Keynote #Tech - Google : aperçu de la gestion des services distribués chez Go...Paris Open Source Summit

How to Puppetize Google Cloud Platform - PuppetConf 2014Puppet

Putting the Fun into Functioning CI/CD with JHipsterGerard Gigliotti

App container rktXiaofeng Guo

Rex gke-clustreeRomain Vrignaud

The 2nd half. Scaling to the next^2Haggai Philip Zagury

DockerCon EU '17 - Dockerizing AureaŁukasz Piątkowski

ContainerDayVietnam2016: Django Development with DockerDocker-Hanoi

Similar to Lessons learned with kubernetes in productionat PlayPass (20)

PGConf.ASIA 2019 Bali - PostgreSQL on K8S at Zalando - Alexander Kukushkin

Best practices for optimizing Red Hat platforms for large scale datacenter de...

6 Months Sailing with Docker in Production

DCSF 19 Accelerating Docker Containers with NVIDIA GPUs

Deploying Kubernetes on GCP with Kubespray

Heroku to Kubernetes & Gihub to Gitlab success story

Tensorflow in Docker

Free GitOps Workshop + Intro to Kubernetes & GitOps

Sprint 161

Infrastructure Management in GCP

Debugging Go in Kubernetes

Environment management in a continuous delivery world (3)

Keynote #Tech - Google : aperçu de la gestion des services distribués chez Go...

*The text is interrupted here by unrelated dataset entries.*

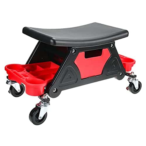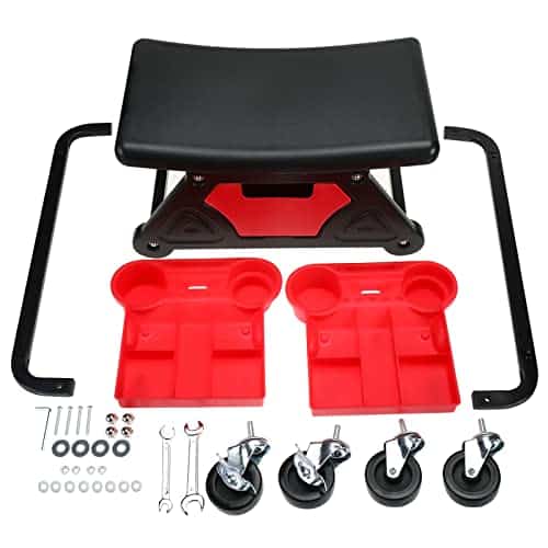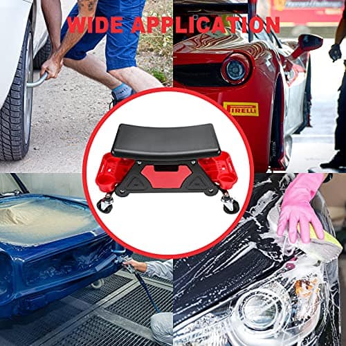 Ya seas un mecánico o te dediques al detallado de autos; Este taburete rodante es básicamente un caja de herramientas móvil y te ayuda a hacer el trabajo. –El asiento de rodillo puede soportar una alta capacidad de carga de 300 libras. –La superficie cóncava antideslizante de 18 pulgadas x 10 pulgadas te permite trabajar en el garaje de forma más cómoda. –Tres cajones extraíbles te ayudan a colocar más herramientas. –Dos ruedas bloqueables hacen que sea fácil para ti trabajar en una pendiente. –La altura del taburete mecánico está diseñada específicamente para refinar el lateral o la rueda de un automóvil. –El asiento de garaje con ruedas te permite deslizarte fácilmente alrededor del garaje o tienda para reducir el estrés en tu cuerpo. Características: 1. Ruedas de goma con bloqueo. 2. Bandeja de almacenamiento para guardar toallas, pequeños cepillos y herramientas. 3. Puede contener 4 botellas de 16 oz para un acceso fácil. 4. Peso máximo de 300 lb. 5. Tamaño: 25 1/2 x 13 x 13 pulgadas aproximadamente. Incluye: 1 Taburete Mecánico Rodante
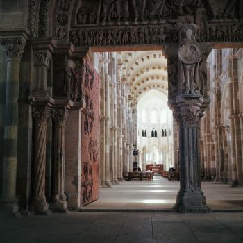 Vézelay, basilique Sainte-Marie-Madeleine, la nef vue depuis le portail central du narthex
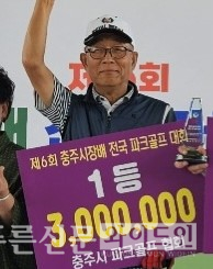 남자 우승자 김덕돈 선수. 〔사진=충주시파크골프협회〕
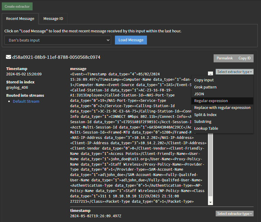 - Click Load Message to load a recent message from the input. This message will be used to test your new extractor
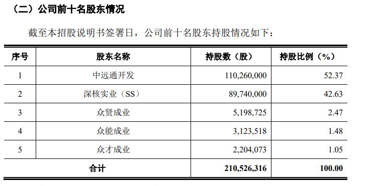 披露显示,中国广核集团、吉学龙和张学军为中远通的实际控制人,合计控制中远通98.52%的股份,股权比较集中。众贤成业、众能成业、众才成业等员工持股平台,也持有部分股份。在公布招股书之前,中远通并未引入外部投资人。

How to Puppetize Google Cloud Platform - PuppetConf 2014

Putting the Fun into Functioning CI/CD with JHipster

App container rkt

Rex gke-clustree

The 2nd half. Scaling to the next^2

DockerCon EU '17 - Dockerizing Aurea

ContainerDayVietnam2016: Django Development with Docker

Recently uploaded

Exploring the Best Video Editing App.pdfproinshot.com

The Ultimate Test Automation Guide_ Best Practices and Tips.pdfkalichargn70th171

CHEAP Call Girls in Pushp Vihar (-DELHI )🔝 9953056974🔝(=)/CALL GIRLS SERVICE9953056974 Low Rate Call Girls In Saket, Delhi NCR

A Secure and Reliable Document Management System is Essential.docxComplianceQuest1

%in kaalfontein+277-882-255-28 abortion pills for sale in kaalfonteinmasabamasaba

10 Trends Likely to Shape Enterprise Technology in 2024Mind IT Systems

BUS PASS MANGEMENT SYSTEM USING PHP.pptxalwaysnagaraju26

The Top App Development Trends Shaping the Industry in 2024-25 .pdfayushiqss

Microsoft AI Transformation Partner Playbook.pdfWilly Marroquin (WillyDevNET)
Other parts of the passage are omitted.